Le indagini per le violenze sui disabili di Manduria non sono chiuse. Anzi. Gli ultimi arresti, messi a segno dalla Squadra mobile di Taranto e della Servizio centrale operativo di Roma, hanno fatto luce sulla terribile storia del 66enne Antonio Stano e hanno acceso i riflettori anche su un’altra vicenda che riguarderebbe un altro disabile dello stesso comune di Manduria. Entrambi sono state vittime della baby gang che per mesi li ha torturati e – stando alla ricostruzione della polizia – quelle violenze potrebbero essere state concause della morte. I dettagli sono emersi dall’indagine che ora, però, si allarga verso due direttrici: i complici degli indagati e i familiari delle vittime.
Già, stando a quanto trapelato, la lente di ingrandimento degli investigatori in queste ore si sta concentrando, per la vicenda di Stano, sulle responsabilità di coloro che “più o meno prossimi all’ambiente familiare della vittima, hanno omesso di intervenire”. La solitudine dell’uomo, com’è noto, è stato un motivo determinante nella scelta di “lasciarsi morire” in casa dopo le ultime aggressioni, ma per i poliziotti, coordinati dal sostituto procuratore Remo Epifani e dal procuratore capo Carlo Maria Capristo, in molti sapevano ciò che accadeva e non solo non hanno denunciato la vicenda agli organi di polizia, ma neppure si sarebbero preoccupati di valutare dal punto di vista sanitario le condizioni di salute dell’uomo.
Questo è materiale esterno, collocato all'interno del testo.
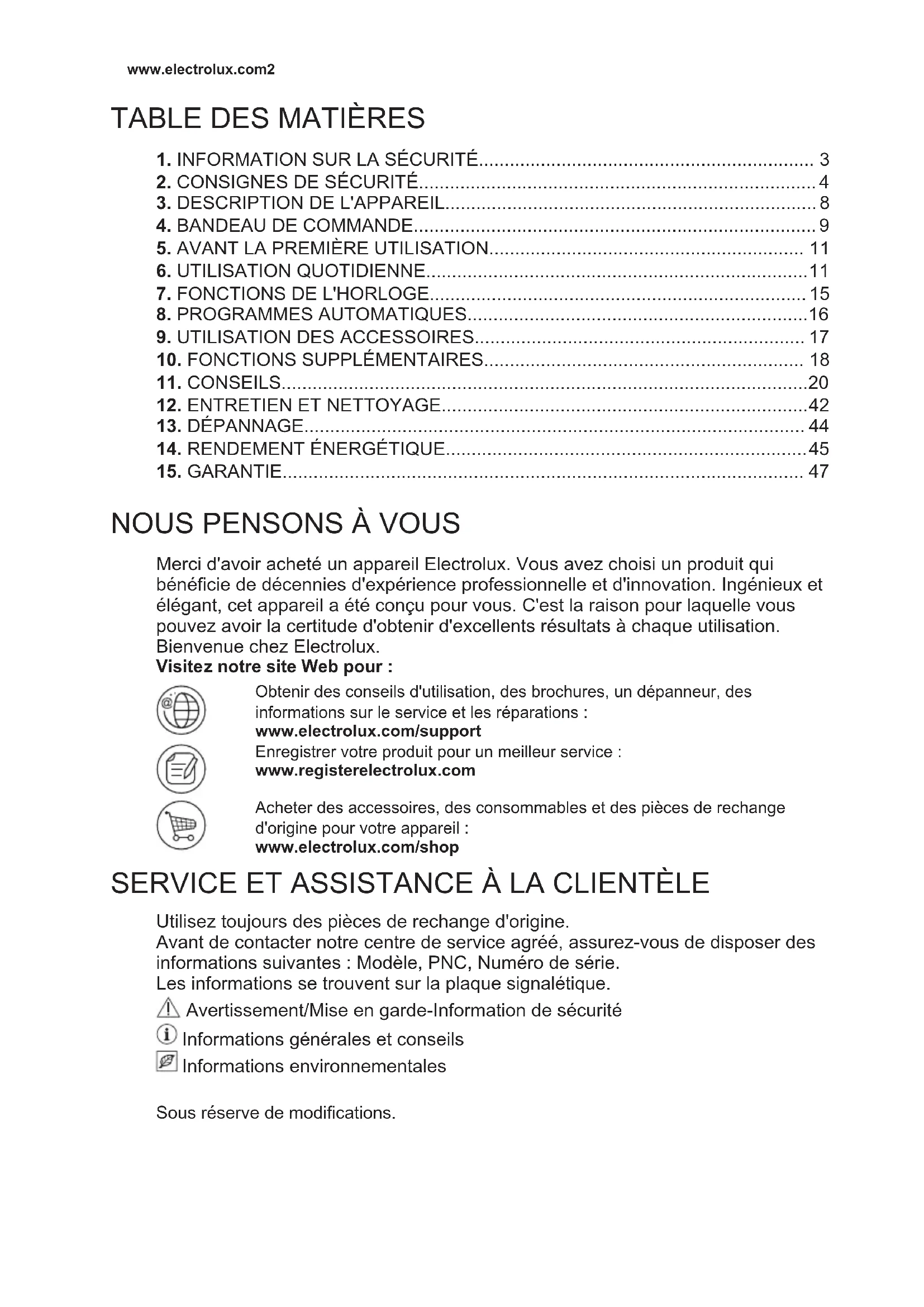 Merci d'avoir acheté un appareil Electrolux. Vous avez choisi un produit qui bénéficie de décennies d'expérience professionnelle et d'innovation. Ingénieux et élégant, cet appareil a été conçu pour vous. C'est la raison pour laquelle vous pouvez avoir la certitude d'obtenir d'excellents résultats à chaque utilisation. Bienvenue chez Electrolux. Visitez notre site Web pour : Obtenir des conseils d'utilisation, des brochures, un dépanneur, des informations sur le service et les réparations : www.electrolux.com/support Enregistrer votre produit pour un meilleur service : www.registerelectrolux.com Acheter des accessoires, des consommables et des pièces de rechange d'origine pour votre appareil : www.electrolux.com/shop

Non solo. Anche dalla nuova storia di violenza commessa sul secondo disabile emergono dettagli inquietanti che riguarderebbe le persone vicine alla vittima delle violenze e in particolare il fratello e la badante. Quest’ultima, infatti, solo un mese dopo l’aggressione avvenuto il 1 aprile scorso ha dichiarato ai poliziotti che da ben “sette anni, durante la notte, un gruppo di ragazzi si divertiva a disturbare il proprio assistito, suonando al campanello della sua abitazione”. Agli investigatori ha inoltre spiegato che all’ennesima azione della baby gang avvenuta in piena notte, l’uomo, ormai stanco e infastidito, aveva affrontato il gruppo di molestatori: uno di questi, prima di fuggire, lo aveva colpito violentemente al volto, provocando la rottura di quattro denti.
Seppure accortasi che l’uomo era sanguinante al volto, la badante non aveva ritenuto in un primo momento di richiedere l’intervento delle forze dell’ordine. La stessa vittima, forse per timore, aveva preferito inizialmente non confidare neppure al proprio fratello quanto accaduto: al parente aveva detto che i denti gli erano caduti durante la consumazione di un pasto. Solo dopo qualche giorno il fratello è venuto a conoscenza da un parente che l’uomo era stato in realtà aggredito.
Per il secondo aspetto, invece, le attività dei poliziotti è diretta a scoprire i complici degli indagati ancora rimasti senza nome. Da un lato coloro che avrebbero partecipato ad altre spedizioni organizzate dai due gruppi ribattezzati “Comitiva di orfanelli” e “Ultima di Carnali”, dall’altro invece anche i fiancheggiatori: coloro cioè che, come spiega la polizia in una nota stampa diffusa nelle scorse ore, “hanno agito invece al precipuo scopo di favorire gli indagati nel sottrarsi alle loro penali responsabilità”. Qualcuno insomma ha cercato di coprire quanto era accaduto. Prima, durante e dopo quelle notti di torture.